Священник отошел от решетки футов на шесть, и его глаза уже начали различать головы… Может быть, в небе стало светлее? Головы вырастали вокруг, точно тыквы. Кто-то спросил:
– Ты кто? – Он не ответил, в страхе пробираясь вперед, и вдруг наткнулся на заднюю стену: ладонь уперлась в мокрые камни. Тюрьма была не больше двенадцати футов в глубину. Оказалось, что тут можно втиснуться и сесть, если подобрать под себя ноги. К нему привалился старик; он понял это по легчайшему весу его тела, по слабому, неровному дыханию. То ли старик на пороге смерти, то ли ребенок на пороге жизни – но ребенок вряд ли мог очутиться здесь. Старик вдруг сказал:
– Это ты, Катарина? – и испустил долгий терпеливый вздох, точно он прождал долго-долго и может ждать еще дольше.
Священник сказал:
– Нет. Не Катарина. – Когда он заговорил, все умолкли, вслушиваясь в его слова, точно они несли какую-то важную весть. Потом голоса и движение снова возникли. Но звук собственного голоса и общение с соседом успокоили его.
– Нет, конечно нет, – сказал старик. – Я и не думал, что ты Катарина. Она сюда не придет.
– Это твоя жена?
– Какая жена? У меня нет жены.
– А Катарина?
– Это моя дочь. – Все снова прислушались к ним – все, кроме двух невидимок, которые были заняты только своим скрытым темнотой, стесненным в пространстве наслаждением.

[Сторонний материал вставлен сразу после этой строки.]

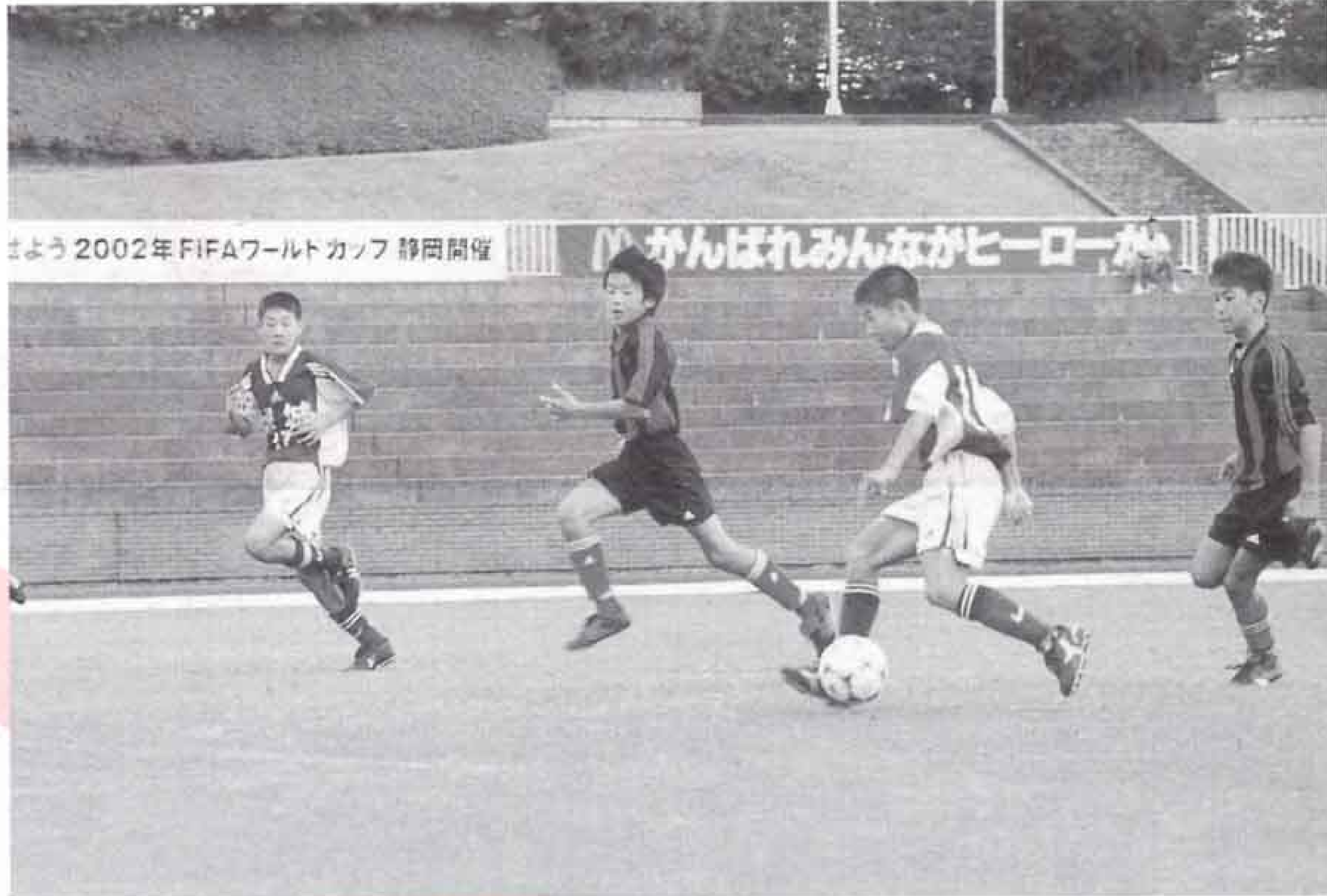
▲富士市の選手5人を含む県東部選抜チームと中国チームとの試合。 試合は4-0で中国チームが勝利。この大会で中国チームは準優勝しました

– Ее сюда, может, и не пустят.
– Она сама не придет, – с твердой уверенностью, безнадежно произнес старческий голос. Поджатые ноги начали затекать.
Священник сказал:
– Если она тебя любит… – В стороне, среди груды неясных теней, женщина снова вскрикнула – это был завершающий все крик протеста, отрешенности и наслаждения.
– Во всем виноваты священники, – сказал старик.
– Священники?
– Священники.
– Почему священники?
– Священники.
У его колен кто-то тихо сказал:
– Он сумасшедший. Что с ним говорить.
– Это ты, Катарина? – Помолчав, старик добавил: – Я знаю, тебя нет. Я просто так спросил.

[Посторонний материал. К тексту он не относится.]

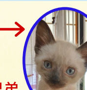
しろくん 5月中旬生まれ コアワクチン接種済
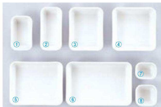
1 P.P.C-7-C-6 アクティブ弁当用仕切 白

¥3,200 (外寸:68×40×13.5・内寸:63.7×36.3×12.4) 梱10
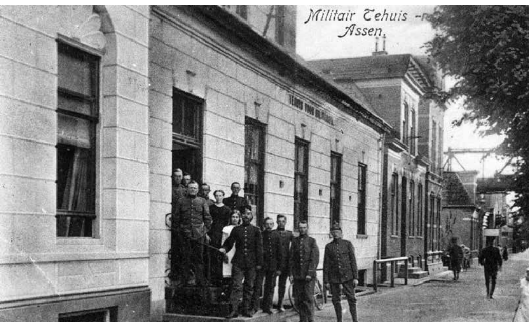
Militair Tehuis aan het begin van de twintigste eeuw.

In hetzelfde jaar 1894 betrokken in Assen vier compagnieën van het Eerste Regiment Infanterie de nieuwe Wilhelminakazerne. In de jaren daarna volgden de Emma- en Hendrikkazerne en werd Assen een van de belangrijkste Nederlandse garnizoensplaatsen.

– Вот мне есть на что пожаловаться, – продолжал тот же голос. – Человек обязан защищать свою честь. Ты согласен со мной?
– Честь? Я не знаю, что такое честь.
– Я был в таверне, и ко мне подошел один человек и сказал: «Твоя мать шлюха». Что я мог поделать? У него был револьвер. Тогда я решил ждать, больше мне ничего не оставалось. Он пил пиво, много выпил, а я знал, что так оно и будет, и когда он вышел, пошатываясь, я пошел за ним. У меня была бутылка, и я разбил ее об стену. Ведь револьвера со мной не было. Его родные заручились поддержкой хефе, иначе я бы здесь не сидел.
– Убить человека – страшное дело.
– Ты говоришь как священник.
– Во всем виноваты священники, – сказал старик. – Ты прав.
– О чем это он?
– О чем бы этот старый хрыч ни говорил, слушать его нечего. Я тебе вот еще что расскажу…
Послышался женский голос:
– Священники отобрали у него дочь.
– Почему?
– И правильно сделали. Она незаконнорожденная.
При слове «незаконнорожденная» сердце у него сжалось, как у любовника, когда он услышит из чьих-то уст название цветка, сходное с женским именем. Незаконнорожденная… Это слово пронзало горьким счастьем. Оно приблизило к нему его дочь: вот она, такая незащищенная, сидит под деревом возле мусорной кучи. Он повторил:
– Незаконнорожденная? – словно называя ее по имени с нежностью, скрытой за равнодушием.
– Священники решили, что он не годится в отцы. Но когда они бежали, девочке пришлось вернуться к нему. Куда ей было идти? – Счастливый конец, подумал он, но женщина добавила: – Она, конечно, возненавидела его. Кое-что ей объяснили. – Священник представил себе говорившую: маленький рот, поджатые губы – образованная женщина. Как она попала сюда?
– А почему он в тюрьме?
– У него нашли распятие.
От параши несло все сильнее и сильнее; ночь окружала их точно стеной без всякой вентиляции, и он услышал, как струя мочи ударяет в стенки жестяного ведра. Он сказал:
– Не их это дело…
– Они поступили правильно. Это смертный грех.
– Неправильно учить ребенка ненавидеть отца.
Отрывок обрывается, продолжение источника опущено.